— Сретен, этот тип опасен, он знает реальное положение дел… Удалось ли тебе напасть на след, сумели ли наши аналитики определить стиль… Гляди, надо как можно скорее раскрыть этого выродка…
— Не беспокойтесь, товарищ министр, мы найдем его… — решительно заявил я и вернулся к перепечатке своих записок, в тот день я как раз заканчивал восьмую главу, и Косана только диву давалась, почему я перестал ей диктовать.
— Вижу… — она чуть не заплакала, застав меня за пишущей машинкой. — Вижу, я тебе больше не нужна…
Признаю, возможно, я немного зарвался, забыл о том, что мои убеждения не соответствуют тому, что я пишу, а может быть, я просто подошел и к этой работе так же, как ко всему, чем занимался, — ревностно и с чувством ответственности. Короче говоря, после двух лет напряженной работы я нашел способ незаметно переслать рукопись за границу, и вскоре оттуда к нам в страну стали тайно поступать экземпляры напечатанной книги, книги, о которой перешептывались, которую передавали из рук в руки…
— Вы читали? — именно такой вопрос задавали тогда люди при встрече друг с другом наедине, не решаясь произнести название даже шепотом.
— Разлагаются… Изнутри… Только их человек может знать все это: и факты, и события, все имена… — наклонялся один к уху другого и быстрым шепотом сообщал краткое содержание.
— Началось… — расходились они, ободренные.

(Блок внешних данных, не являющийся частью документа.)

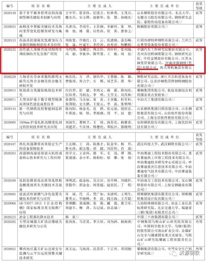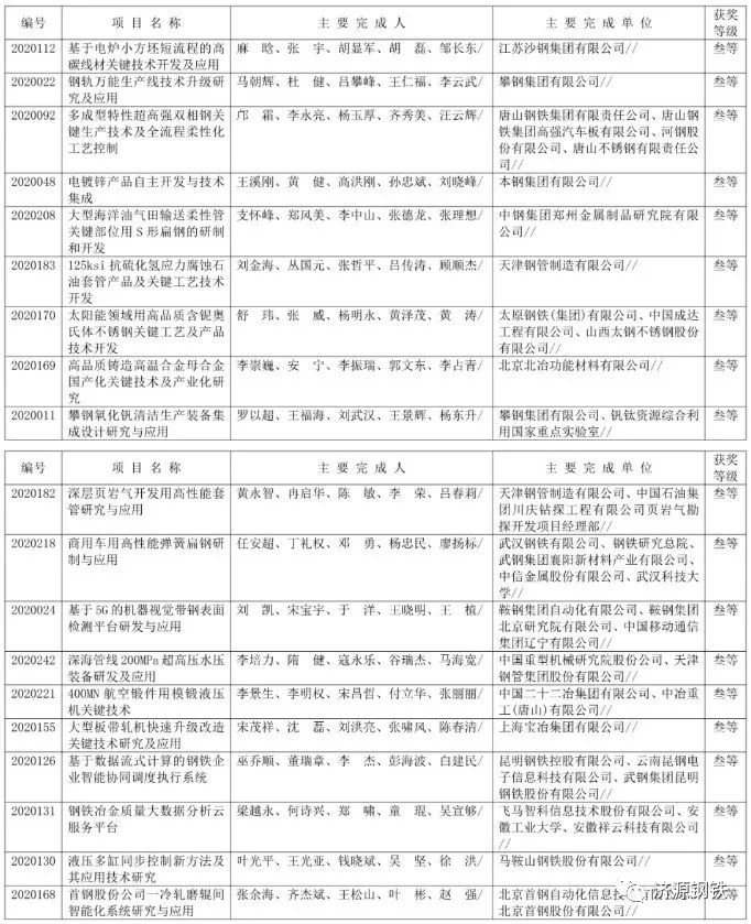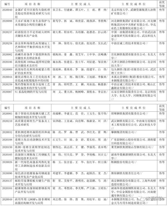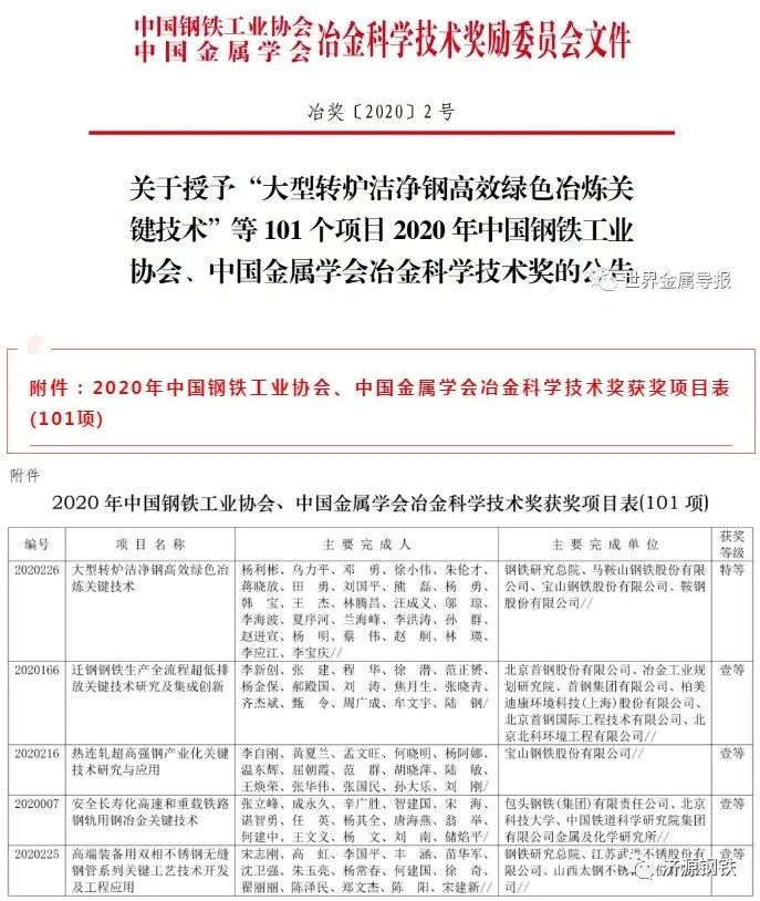 近日,中國鋼鐵工業(yè)協(xié)會(huì )、中國金屬學(xué)會(huì )發(fā)布《關(guān)于授予“大型轉爐潔凈鋼高效綠色冶煉關(guān)鍵技術(shù)”等101個(gè)項目2020年中國鋼鐵工業(yè)協(xié)會(huì )、中國金屬學(xué)會(huì )冶金科學(xué)技術(shù)獎的公告》(下簡(jiǎn)稱(chēng):《公告》),《公告》稱(chēng),按照《中國鋼鐵工業(yè)協(xié)會(huì )、中國金屬學(xué)會(huì )冶金科學(xué)技術(shù)獎獎勵條例》及其《實(shí)施細則》規定,經(jīng)嚴格評審,冶金科學(xué)技術(shù)獎獎勵委員會(huì )決定對101個(gè)項目授予2020年中國鋼鐵工業(yè)協(xié)會(huì )、中國金屬學(xué)會(huì )冶金科學(xué)技術(shù)獎。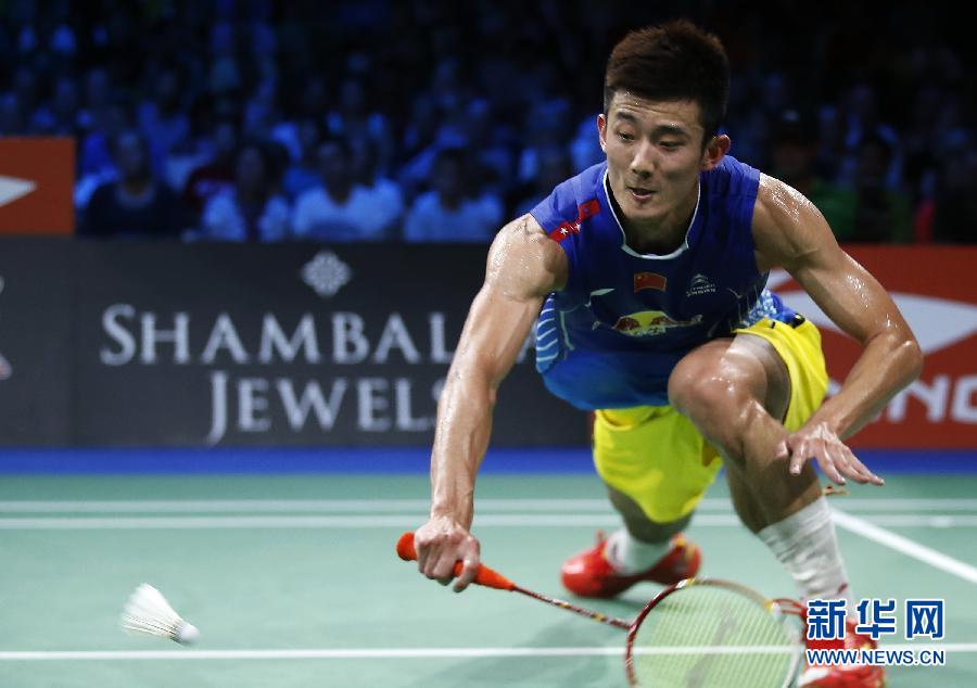 8月31日,中国选手谌龙在决赛中。当日,在丹麦哥本哈根巴勒鲁普超级体育馆举行的2014年世界羽毛球锦标赛男子单打决赛中,中国选手谌龙以2比0战胜马来西亚选手李宗伟,夺得冠军。新华社记者王丽莉摄。

Внимательно ведя слежку по оригиналу рукописи, которую я сохранил для себя, я получил доступ к мыслям многих людей, узнал о новых врагах нашей власти, вскрыл колеблющихся и сомневающихся, бесхребетников, готовых тотчас переметнуться на сторону врага, тех, кто всегда и всем недоволен, вечных контрреволюционеров и отвратительных хамелеонов, однако на самом деле меня интересовал только Гаврило Димитриевич, я подстерегал момент, когда подброшенное в страну диссидентское чтиво окажется наконец в его руках. Избавившись от него, я займусь всеми остальными, и уж тогда, как я предполагал, раскрою имя автора гениальной засады с приманкой и одним ударом открою перспективу для своей любви и укреплю репутацию лучшего оперативника Государственной безопасности.
Увы, преуспел я лишь наполовину. В тот день, когда Димитриевич наконец-то зашел в диссидентскую книгу, из которой он уже никогда не вернулся, в тот день, когда в библиотеке семьи, проживавшей по адресу улица Пальмотича, 9, на столике осталось произведение, таинственным создателем которого был я, а от господина Гаврилы — только поскрипывание прутьев плетеного кресла после того, как я убрал его из жизни той женщины, в которую был влюблен, в тот день, когда я, удовлетворенный, уже представлял себе, что теперь Наталия сама обратит на меня внимание, и как раз собирался отправиться прямо к ней, чтобы выразить соболезнование и предложить себя в качестве опоры, — в мой кабинет вошло трое мрачных сотрудников и с ними Косана.
— Вот она, та самая рукопись… А это машинка, на которой ее печатали, доказать нетрудно, литера «а» заедает, «б» немного наклонена, «в» всегда грязная, «г» вылезает из строки… — перечисляла она, пока эти трое составляли опись содержимого моего стола.
— Как вы смеете… Это ошибка… Товарищи, подождите, я все объясню… Я сделал это умышленно, чтобы подобраться к ним с тыла… Чтобы разом всех их прихлопнуть, как мошкару… Как сейчас помню всё, что я им тогда говорил, но все трое молчали.
Одна только Косана обратилась ко мне. Когда меня уводили, она заплакала. И сказала:
— Дурак, я так тебя любила, а ты замечал все, кроме меня!
61
Если бы дело было в конце сороковых или в пятидесятые годы, меня бы наверняка расстреляли, в лучшем случае посадили в тюрьму. А так я был просто с позором изгнан на пенсию. Диссидентская книга еще долго оставалась до ужаса простой ловушкой, в которую попадались отщепенцы всех мастей и оттенков, мне так и не удалось доказать, что я написал ее с самыми лучшими намерениями, прежние заслуги тоже не помогли, а мой крах многих обрадовал.